- [WHAT TO DO] Restate the listing below word for word; no picture is to be carried over.

- [DATASET EXTRACT]
☆ ☆ ☆ ☆ ☆ ☆ ☆
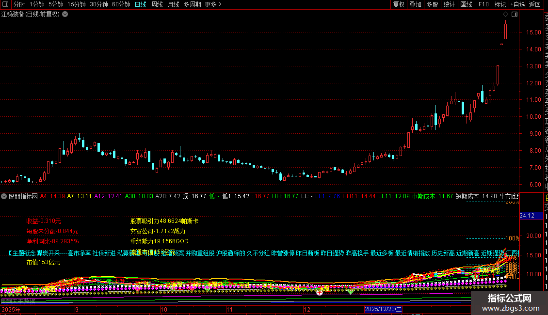 四:=SUMBARS(VOL,CAPITAL/5),NODRAW; 二:=SUMBARS(VOL,CAPITAL/1.3),NODRAW; 中期成本:MA(C,二),NODRAW{中期成本均线};
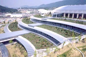 | オフィスの概要 研究開発の拠点作りと企業や人材を育成するための施設として、ハイテクなイメージと自然環境との融和が見事になされており、 オフィス・ワーカーにとっで快適で機能的な素晴らしいオフィス環境となっている。 また、建築物も屋根に客土を載せ自然エネルギーを利用すると共に、自然との一体化が配慮されている。 | |
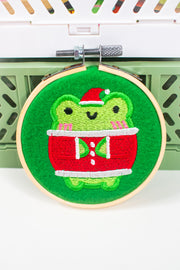 Jolly vibes only ✨ This embroidered hoop features our beloved Albert the Frog dressed as Santa, ready to sleigh your holiday decor. Hand-finished and bursting with cuteness, this piece is perfect for kawaii lovers, frog fanatics, and anyone obsessed with cheerful little guys in festive fits.
☆ ☆ ☆ ☆ ☆ ☆ ☆
- [REPLY]
 四:=SUMBARS(VOL,CAPITAL/5),NODRAW; 二:=SUMBARS(VOL,CAPITAL/1.3),NODRAW; 中期成本:MA(C,二),NODRAW{中期成本均线};
 | オフィスの概要 研究開発の拠点作りと企業や人材を育成するための施設として、ハイテクなイメージと自然環境との融和が見事になされており、 オフィス・ワーカーにとっで快適で機能的な素晴らしいオフィス環境となっている。 また、建築物も屋根に客土を載せ自然エネルギーを利用すると共に、自然との一体化が配慮されている。 | |
 Jolly vibes only ✨ This embroidered hoop features our beloved Albert the Frog dressed as Santa, ready to sleigh your holiday decor. Hand-finished and bursting with cuteness, this piece is perfect for kawaii lovers, frog fanatics, and anyone obsessed with cheerful little guys in festive fits.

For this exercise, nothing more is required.